Plastic waste is quickly outstripping countries’ capacity to bury or recycle it. Burning it eliminates large amounts of this material quickly, with few special handling or new facilities required. There are an estimated 3,000 or more cement plants worldwide. All are hungry for fuel.
“There’s only one thing that can hold up and break this trend, and that would be a very strong cut in the production of plastics,” Mersmann said. “Otherwise, there is nothing that can stop this.”
That momentum has some environmentalists worried, including Sander Defruyt, who heads a plastics initiative at the Ellen MacArthur Foundation, a UK-based nonprofit focused on sustainability.

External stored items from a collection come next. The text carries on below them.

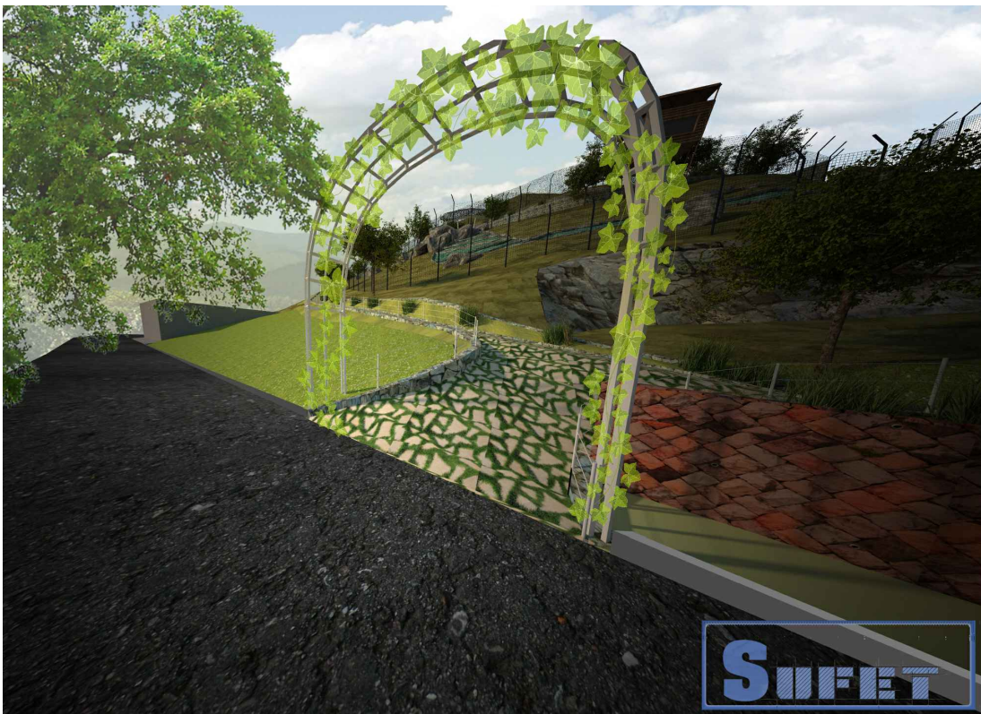
Տեսք մուտքի մետաղական կամար
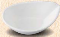
7-345-16 (75006420) ¥450 9.9cm バロック小皿 白グロス 99×77×25
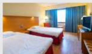
Twin สำหรับ 2 ท่าน
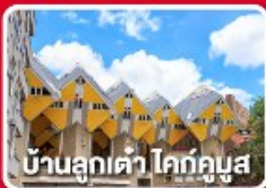
บ้านลูกเต่า โคก่กูมูส
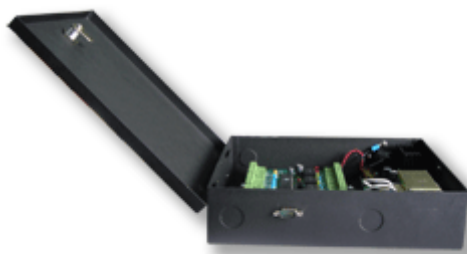
配套用機箱和電源 (蓄電池為選購件)
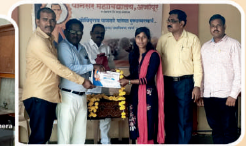
रासेयो विभागाच्या वतीने विविध कार्यक्रमांचे आयोजन करून विजेत्यांना प्रमाणपत्र देत असताना.
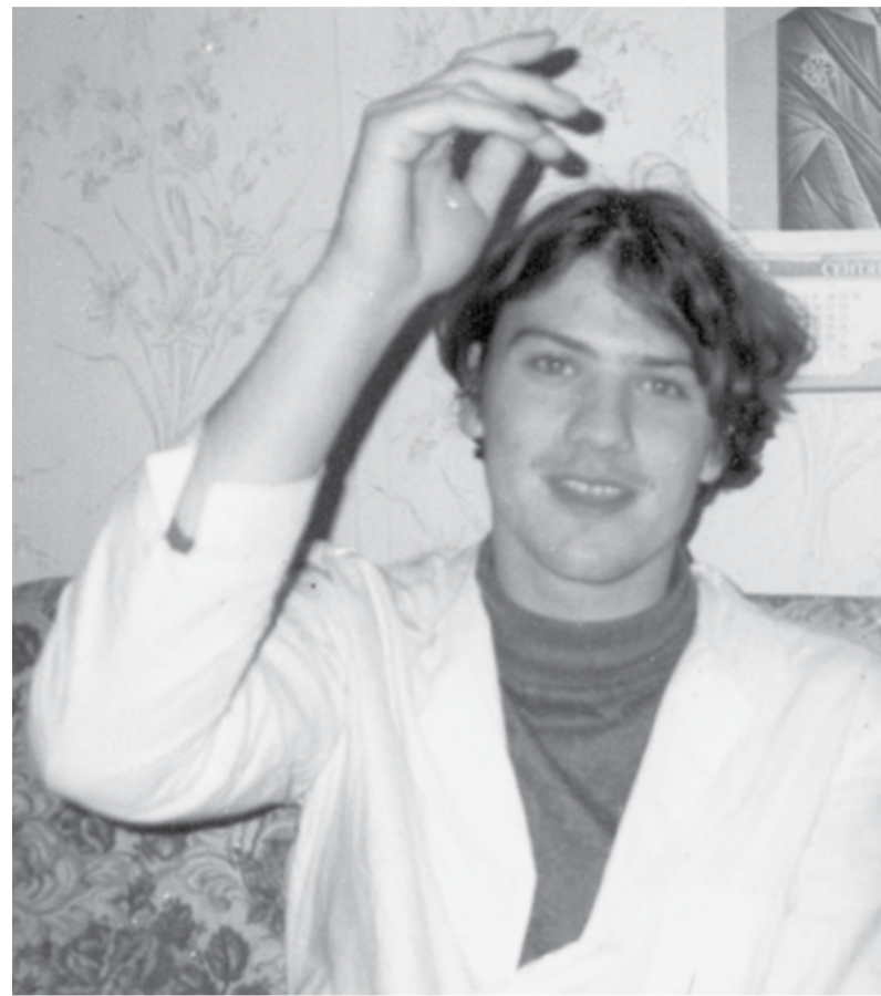
Тим Бозе, 1997 год

ственные помещения. Прислушал экскурсовода, который бесстрастно произнёс заученный текст. Понял, поче-
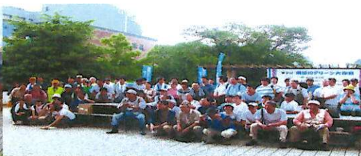
浜町公園で参加者
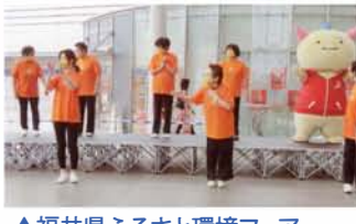
▲福井県ふるさと環境フェア 「わくわくもったいないランド」 福井駅前広場パピテラスにて。
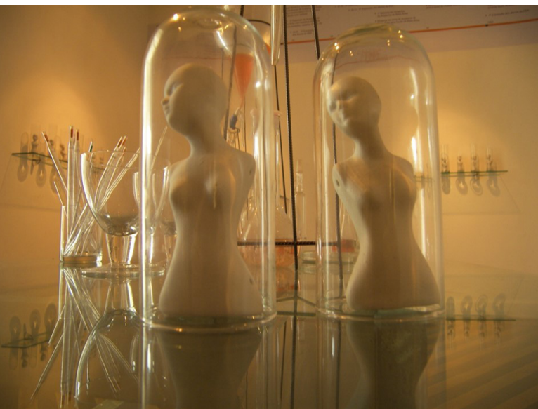
Fig. 1 José Henrique Barreto - Sem título.

Os laboratórios de química e genética me deram subsídios para incorporar elementos de expressão, como a transparência e a assepsia. Se na prática da medicina trabalho em ambiente estéril, dentro do meu universo artístico acontece a “contaminação” no trato com a matéria e na negação da lógica e da funcionalidade. Já criei instalações com objetos “organizadamente desarrumados”: tubos de ensaio, copos de Becker, Erlenmeyers, frascos Kitazato, provetas, balões volumétricos e com saída lateral, trompas de vácuo,
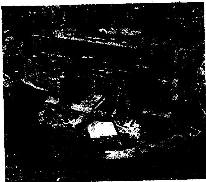
總會場所인 Sheraton-Park Hotel
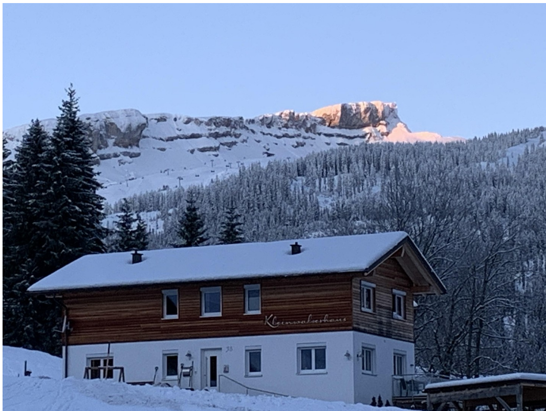
Haus mit Ifen

The foundation in 2018 worked out waste-reduction and recycling targets with Coca-Cola, Nestle, Unilever, Colgate-Palmolive and hundreds of other consumer brands.
Defruyt said the foundation does not support its partner companies’ pivot toward incineration.
Burning plastic for cement fuel, he said, is a “quick fix” that risks giving consumer goods companies the green light to continue cranking out single-use plastic and could reduce the urgency to redesign packaging.
“If you can dump everything in a cement kiln, then why would you still care about the problem?” Defruyt said.
Coca-Cola, Nestle, Unilever and Colgate-Palmolive said their cement partnerships are just one of several strategies they are pursuing to address the waste crisis.
In the central England village of Cauldon, residents have complained in the past few years to the local council and Britain’s environmental regulator about noise, dust and smoke coming from a nearby cement plant owned by Holcim. Those efforts have failed to derail the expansion of that facility to burn more plastic.
When completed next year, alternative fuel, including “non-recyclable” plastics such as potato chip bags, will account for up to 85 percent of the facility’s fuel, planning documents filed with local authorities showed.
The move could recover energy from plastic waste otherwise destined for landfills, the documents said.
Cauldon resident Lucy Ford, 42, said the cement maker’s plans have only added to some villagers’ fears about emissions.
“They say they are the answer to all of our plastic prayers,” she said. “I don’t like the idea of it.”
Pieters said that he understood the community’s concerns.
He said the company complies with local regulations and that it carefully monitors the plant’s emissions, which would be lowered by the upgrades.
The British Environment Agency said in an e-mail that it took all complaints about the plant seriously.
It said the Cauldon facility has a permit to burn waste and that the plant has to comply with its regulations.
In Indonesia, Unilever and SBI said that using plastic for energy was preferable to leaving it in a landfill.
Local environmentalists said that they are alarmed that cement kilns could be shaping up as the fix for a nation flooded with plastic waste.
It would allow consumer brands to continue business as usual, while adding to Indonesia’s air-quality woes, said Yobel Novian Putra, an advocate with the Global Alliance for Incinerator Alternatives, a coalition of groups working to eliminate waste.
“It’s like moving the landfill from the ground to the sky,” Putra said.